Mia mendelik, "siapa yang liatin elo coba?"
Aku terkekeh pelan, begini-lah Mia yang kukenal. Suka tidak mengakui tindakannya, padahal hal itu yang membuatnya manis. Ah, seandainya saat itu aku tak egois padanya. Aku menghela napas pelan, tanpa kusadar tanganku menggenggamnya erat.
"Gak usah cari kesempatan dalam kesempitan deh ya!" tegurnya.
Aku tertawa kecil, "siapa si—"
"Whops, sorry. SENGAJA."
Hampir saja aku terjungkal, untungnya keseimbanganku bagus. Yang barusan menabrakku itu Aretha, sodara Nefa yang punya kemampuan untuk baca kejadian masa lalu. Dia hebat, pintar, tapi dia takkan bisa menembus pikiranku. Aku lebih hebat darinya.
"Lo kenapa buru-buru sih Reth? Gamau menikmati kebersamaan kita?" tanya Kevin dengan gaya centil.
Tu cowok udah kayak tante girang aja deh, centil abis sama Aretha.
"Anjir anjir anjir! Setan alas setan alas! KECOAK, DEAN! KECOAK!"
Mia berteriak heboh sambil berlompatan dan memeluk lenganku dengan erat. Aku ikut memperhatikan telunjuknya yang mengarah ke dekat kakinya. Disana ada beberapa kecoak tengah berlarian manis, semanis gula.
"Yaelah, masih takut aja lo," ujarku geli.
"Nih, liat, cara matiinnya kayak gini," aku melangkah dan langsung menginjak salah satunya yang akan terbang. Dan, mejret. Yaks. Langsung gepeng gitu. Semoga arwahmu diterima di sisi-Nya, amiin.

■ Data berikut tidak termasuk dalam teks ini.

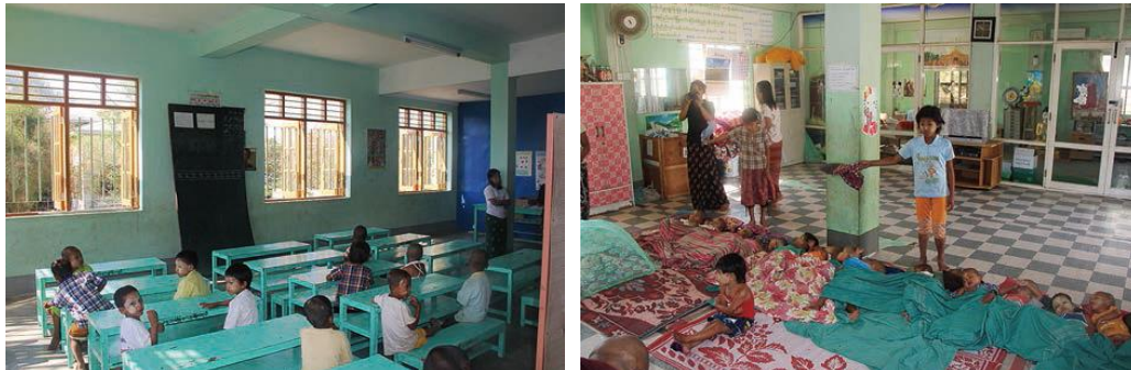
Classroom in the orphanage
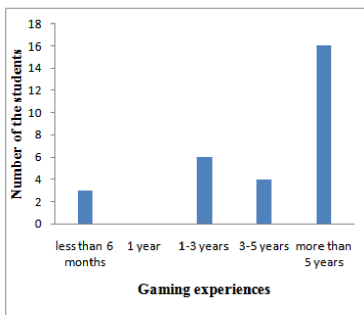
Fig. 1. Gaming experiences of participants

"JIJIK, KAMPRET!" umpatnya sebal.
Aku berlari-lari dan melompat, menginjak satu per satu kecoak yang ternyata banyak sekali disini. Sedangkan Mia, dia melompat dan sesekali memukul bahuku dengan keras. Anjir, kekuatannya men..

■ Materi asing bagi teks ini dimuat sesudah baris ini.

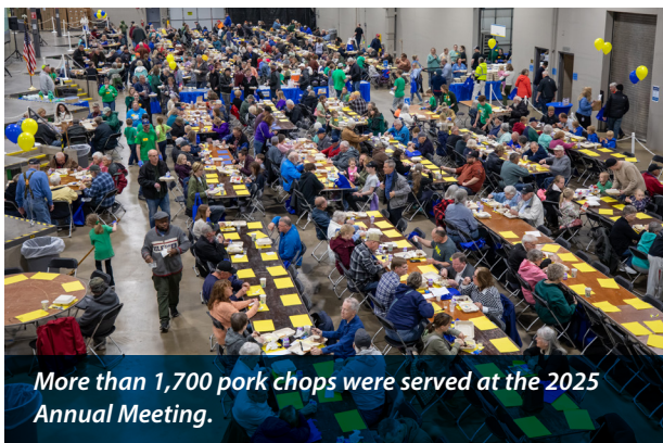
More than 1,700 pork chops were served at the 2025 Annual Meeting.

Setelah beberapa menit kami perang dengan kecoak, suasana kembali hening. Dengan wajah datar, aku menatap keempat pasang mata yang memandangku dengan ekspresi yang berbeda.
"Kalian ngapain sih?" celetuk Kevin.
"Pacaran kok di dalem Gua," tambah Aretha.
Mendengar itu, Mia langsung berlari dan menjepit leher Aretha. "Apa lo bilang?! Pacaran?!! Lo gak liat tadi ada pasukan kecoak disana?! Gue berasa mau mati tau gak! Ketiban sial gue kalo sama Dean!!"
Lah, kenapa gue yang disalahin gini sih, batinku.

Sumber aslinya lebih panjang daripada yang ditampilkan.